■ AIM OF THE TASK ■
From the data below, return only the lines from the one with "First Health Call" through the one with "House-infused hibiscus vodka, mint, lime, and", exact and inclusive, with pictures left out.

■ RECORDS SHOWN ■
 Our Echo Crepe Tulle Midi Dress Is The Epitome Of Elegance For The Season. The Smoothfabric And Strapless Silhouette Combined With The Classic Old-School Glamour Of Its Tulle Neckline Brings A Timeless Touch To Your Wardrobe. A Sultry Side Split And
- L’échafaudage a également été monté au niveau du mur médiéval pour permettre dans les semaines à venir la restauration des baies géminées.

==

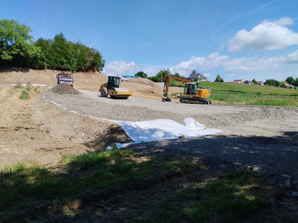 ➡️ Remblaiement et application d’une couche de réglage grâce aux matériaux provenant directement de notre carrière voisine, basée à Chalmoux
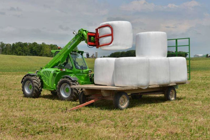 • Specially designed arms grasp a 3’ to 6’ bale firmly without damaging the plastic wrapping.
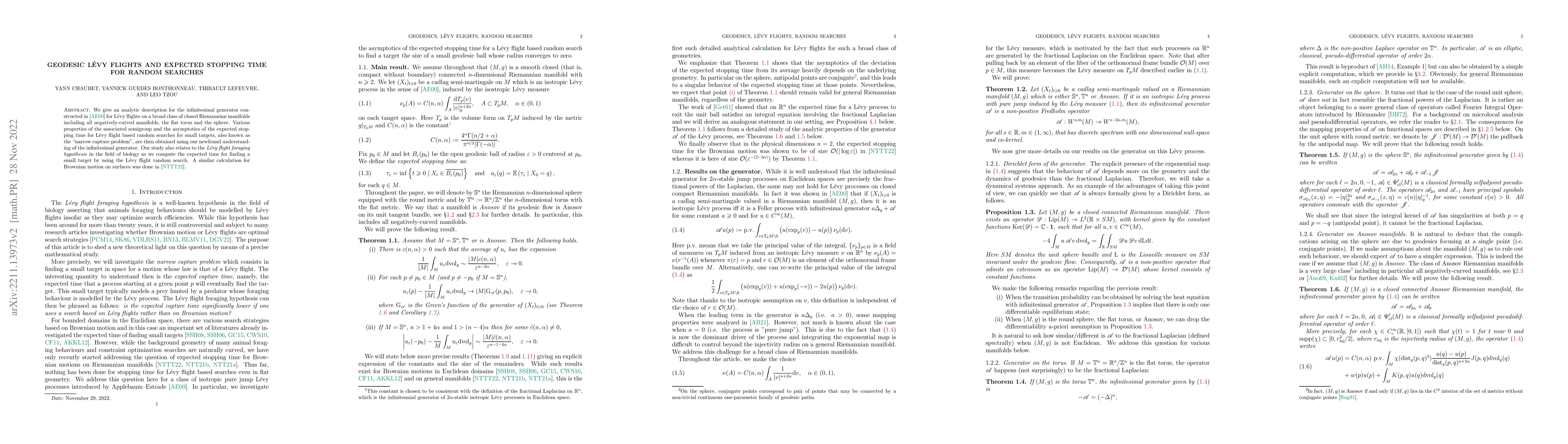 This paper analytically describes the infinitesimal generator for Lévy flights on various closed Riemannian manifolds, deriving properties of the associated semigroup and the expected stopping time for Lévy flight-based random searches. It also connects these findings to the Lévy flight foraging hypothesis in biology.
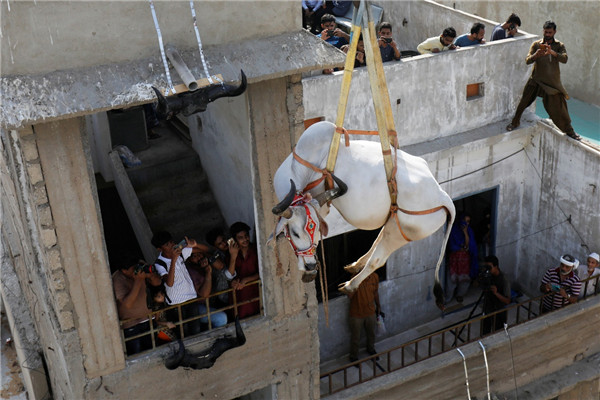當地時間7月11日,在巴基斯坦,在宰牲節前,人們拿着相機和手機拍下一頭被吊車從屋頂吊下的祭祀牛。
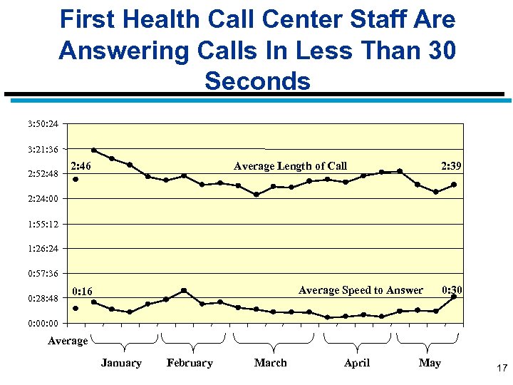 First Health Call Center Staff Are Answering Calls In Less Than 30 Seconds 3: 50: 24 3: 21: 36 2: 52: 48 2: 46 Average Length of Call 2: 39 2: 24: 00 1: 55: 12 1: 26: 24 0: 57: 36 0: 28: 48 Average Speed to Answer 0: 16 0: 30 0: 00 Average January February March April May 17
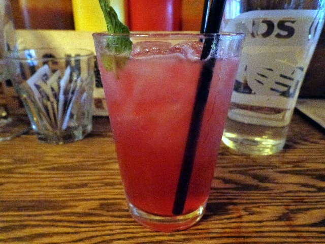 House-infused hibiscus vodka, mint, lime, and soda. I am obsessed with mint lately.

■ SOLUTION TO THIS TASK ■
 First Health Call Center Staff Are Answering Calls In Less Than 30 Seconds 3: 50: 24 3: 21: 36 2: 52: 48 2: 46 Average Length of Call 2: 39 2: 24: 00 1: 55: 12 1: 26: 24 0: 57: 36 0: 28: 48 Average Speed to Answer 0: 16 0: 30 0: 00 Average January February March April May 17
 House-infused hibiscus vodka, mint, lime, and soda. I am obsessed with mint lately.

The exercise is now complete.